[[ INPUT DATA open ]]
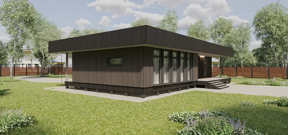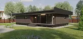 Проект был разработан по каркасной технологии для серийного строительства в Свердловской области. Задача состояла в создании оптимальной конструкции и уникального планировочного решения, которое подходило бы к большинству земельных участков благодаря возможности зеркального отображения (отзеркаливания). Архитектура решена в стиле хай-тек. Особенностью являются большие нависающие свесы по периметру дома, а кровля выполнена как односкатная, что повышает надежность и упрощает монтаж. Стоимость проекта фиксирована, и ее можно уточнить в компании «Разработки Урала».
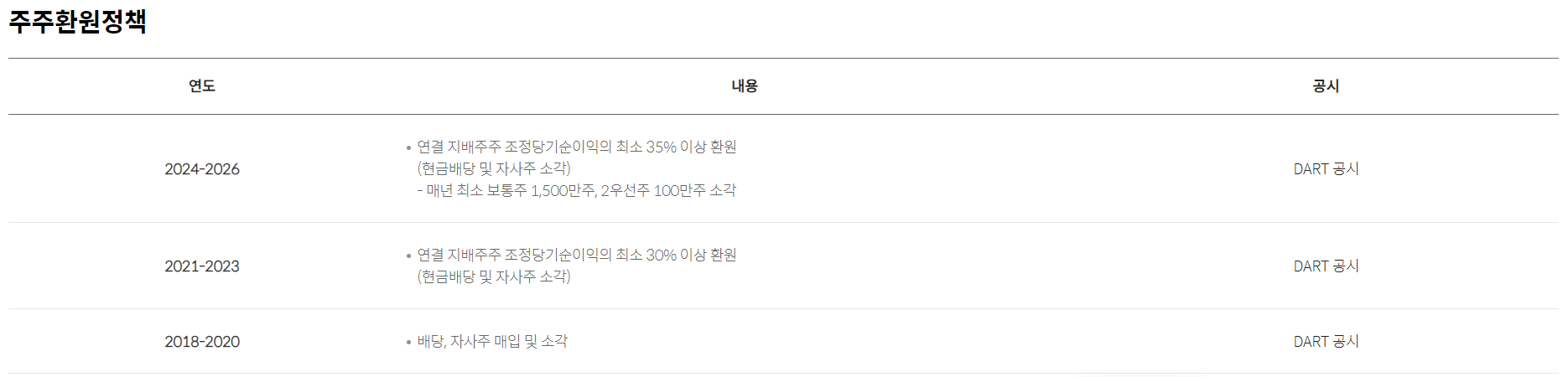 미래에셋증권은 주주들에게 더 많은 수익률을 제공하고자 이전보다는 강도 높은 주주환원 정책을 펼치고 있습니다. 2018년부터 배당과 자사주소각이라는 키워드로 주주환원 정책에 돌입하면서 2021년부터는 순이익30%이상 환원을 했으며, 2024년부터는 35%이상을 환원한다는 점직적으로 환원율이 높아지고 있는 추세 입니다.
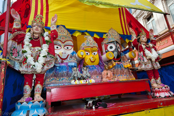 The figures of Krishna in the form of Jagannatha, his half-sister Subhadra (Subudra), and Balarama (Baladeva ) her brother.
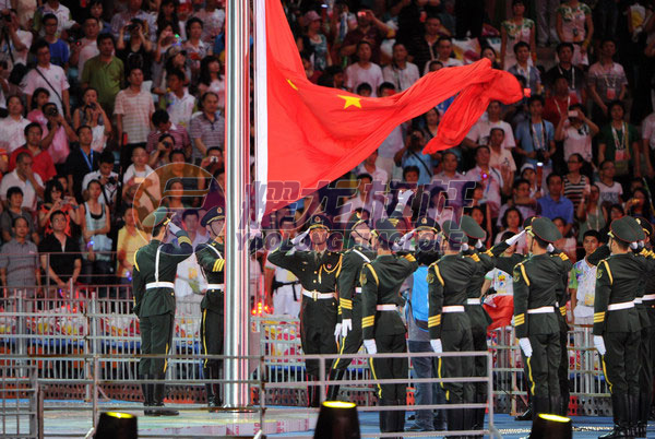 北京时间8月12日晚20时,2011年第二十六届世界大学生夏季运运会开幕式仪式正式开始。来自152个国家和地区大学生体育代表团、一万两千多名运动员相聚在深圳,这场属于全世界年轻人的盛会,也将再一次写下绚丽的五彩华章。自北京奥运,上海世博,广州亚运到今天的世界大运会开幕,耀龙旗杆一次又一次见证历史的时刻,正如强大的祖国屹立在世界的舞台!
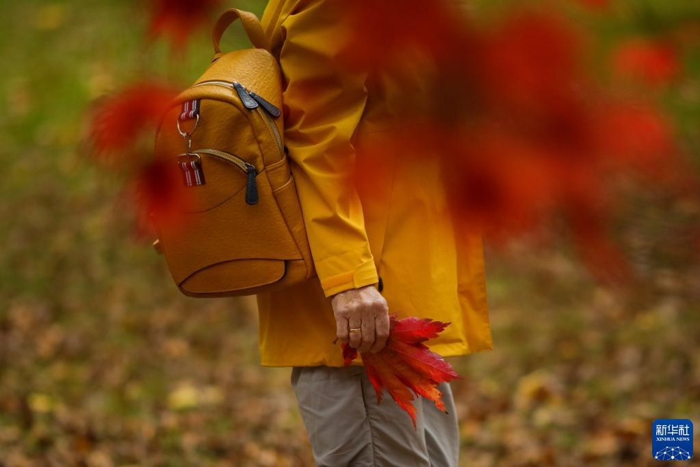 10月27日,游客在英國格洛斯特郡的韋斯頓伯特植物園欣賞秋景。
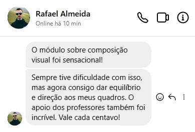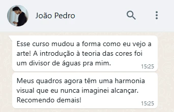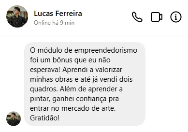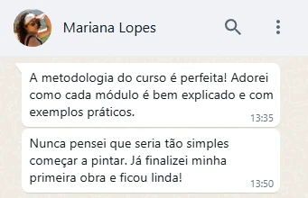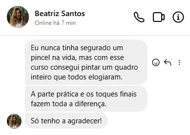 Com aulas práticas, projetos orientados e suporte contínuo, o curso oferece o que você precisa para avançar em cada etapa. Aprimore suas habilidades, transforme suas ideias em pinturas vibrantes e descubra como explorar todo o seu potencial artístico com confiança
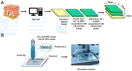 (A) Schematic illustration of the design of each layer of skin 3D-printed constructs. (B) 3D bioprinting of an alginate layer and KCs and HDFs encapsulated with CH–GE–PEG layers [89].
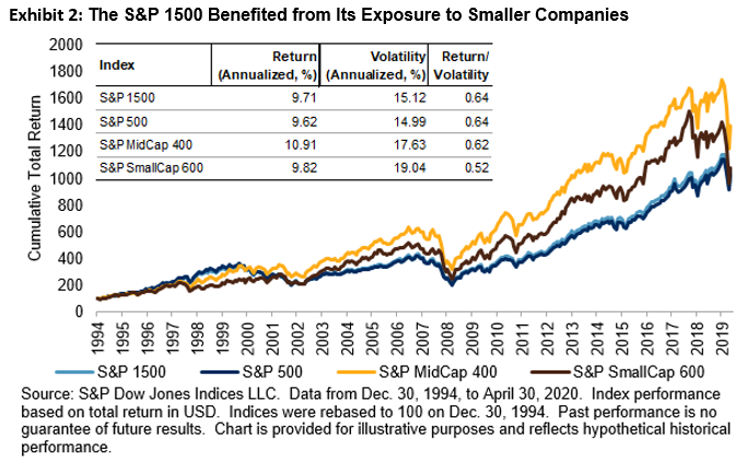 Combined with the fact that most active managers have typically found it difficult to outperform these indices – on an absolute or risk-adjusted basis – the S&P 1500 may be an appealing option for those looking to access the U.S. equity market.
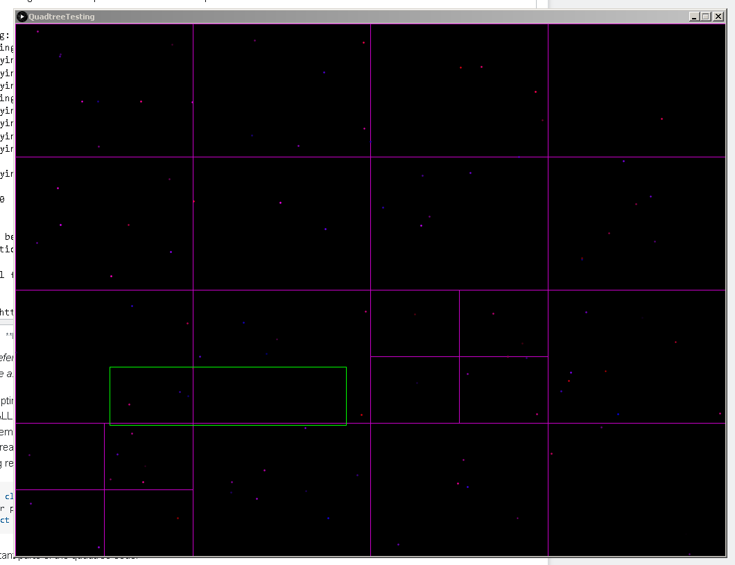 我试图写一些通用的四叉树代码,用于物理模拟和游戏设计。首先,它返回四叉树内容中的所有点,这些内容被搜索区域完全包围。在添加了一堆print()语句来说明这个过程之后,我设法解决了这个问题,但是现在我有了一个新的问题,我似乎搞不清楚。由于某些原因,当我查询矩形区域内的“Placeable”四叉树时,我要么得到一个完全正确的结果,但更多的情况下,我没有得到任何返回。Placeable的定义如下:
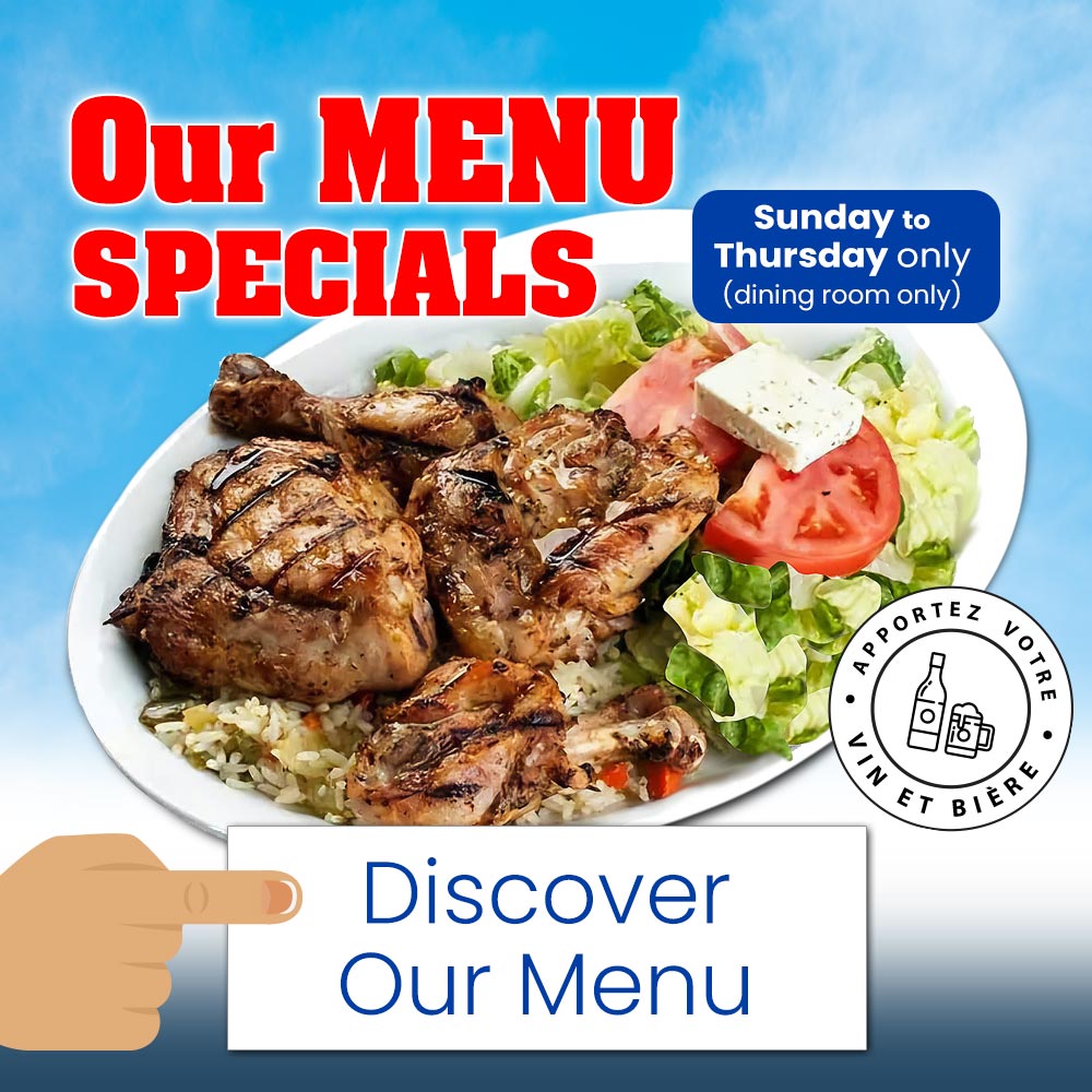If you are tired of having always the same food, we have the solution at Brochetterie Parthenon with a different menu. We offer delicious souvlakis, pita, Greek specialties, seafood, children’s menu, Greek pastries and more.
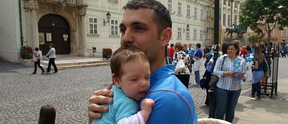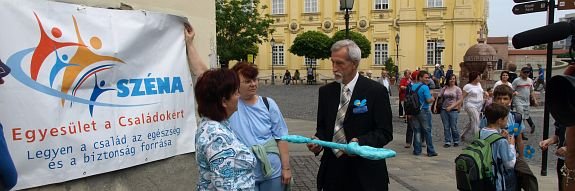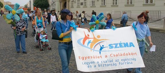 Az Országalmától indult családi felvonuláson kék virágot adtak a járókelőknek, családoknak a Széna Egyesület aktivistái, ezzel hívták fel a figyelmet a családi élet értékeire.
[[ INPUT DATA closed ]]
▸ **YOUR GOAL**: Hand back all the entries exactly, leaving out the pictures.

▸ **FINAL ANSWER**:
 Проект был разработан по каркасной технологии для серийного строительства в Свердловской области. Задача состояла в создании оптимальной конструкции и уникального планировочного решения, которое подходило бы к большинству земельных участков благодаря возможности зеркального отображения (отзеркаливания). Архитектура решена в стиле хай-тек. Особенностью являются большие нависающие свесы по периметру дома, а кровля выполнена как односкатная, что повышает надежность и упрощает монтаж. Стоимость проекта фиксирована, и ее можно уточнить в компании «Разработки Урала».
 미래에셋증권은 주주들에게 더 많은 수익률을 제공하고자 이전보다는 강도 높은 주주환원 정책을 펼치고 있습니다. 2018년부터 배당과 자사주소각이라는 키워드로 주주환원 정책에 돌입하면서 2021년부터는 순이익30%이상 환원을 했으며, 2024년부터는 35%이상을 환원한다는 점직적으로 환원율이 높아지고 있는 추세 입니다.
 The figures of Krishna in the form of Jagannatha, his half-sister Subhadra (Subudra), and Balarama (Baladeva ) her brother.
 北京时间8月12日晚20时,2011年第二十六届世界大学生夏季运运会开幕式仪式正式开始。来自152个国家和地区大学生体育代表团、一万两千多名运动员相聚在深圳,这场属于全世界年轻人的盛会,也将再一次写下绚丽的五彩华章。自北京奥运,上海世博,广州亚运到今天的世界大运会开幕,耀龙旗杆一次又一次见证历史的时刻,正如强大的祖国屹立在世界的舞台!
 10月27日,游客在英國格洛斯特郡的韋斯頓伯特植物園欣賞秋景。
 Com aulas práticas, projetos orientados e suporte contínuo, o curso oferece o que você precisa para avançar em cada etapa. Aprimore suas habilidades, transforme suas ideias em pinturas vibrantes e descubra como explorar todo o seu potencial artístico com confiança
 (A) Schematic illustration of the design of each layer of skin 3D-printed constructs. (B) 3D bioprinting of an alginate layer and KCs and HDFs encapsulated with CH–GE–PEG layers [89].
 Combined with the fact that most active managers have typically found it difficult to outperform these indices – on an absolute or risk-adjusted basis – the S&P 1500 may be an appealing option for those looking to access the U.S. equity market.
 我试图写一些通用的四叉树代码,用于物理模拟和游戏设计。首先,它返回四叉树内容中的所有点,这些内容被搜索区域完全包围。在添加了一堆print()语句来说明这个过程之后,我设法解决了这个问题,但是现在我有了一个新的问题,我似乎搞不清楚。由于某些原因,当我查询矩形区域内的“Placeable”四叉树时,我要么得到一个完全正确的结果,但更多的情况下,我没有得到任何返回。Placeable的定义如下:
If you are tired of having always the same food, we have the solution at Brochetterie Parthenon with a different menu. We offer delicious souvlakis, pita, Greek specialties, seafood, children’s menu, Greek pastries and more.
 Az Országalmától indult családi felvonuláson kék virágot adtak a járókelőknek, családoknak a Széna Egyesület aktivistái, ezzel hívták fel a figyelmet a családi élet értékeire.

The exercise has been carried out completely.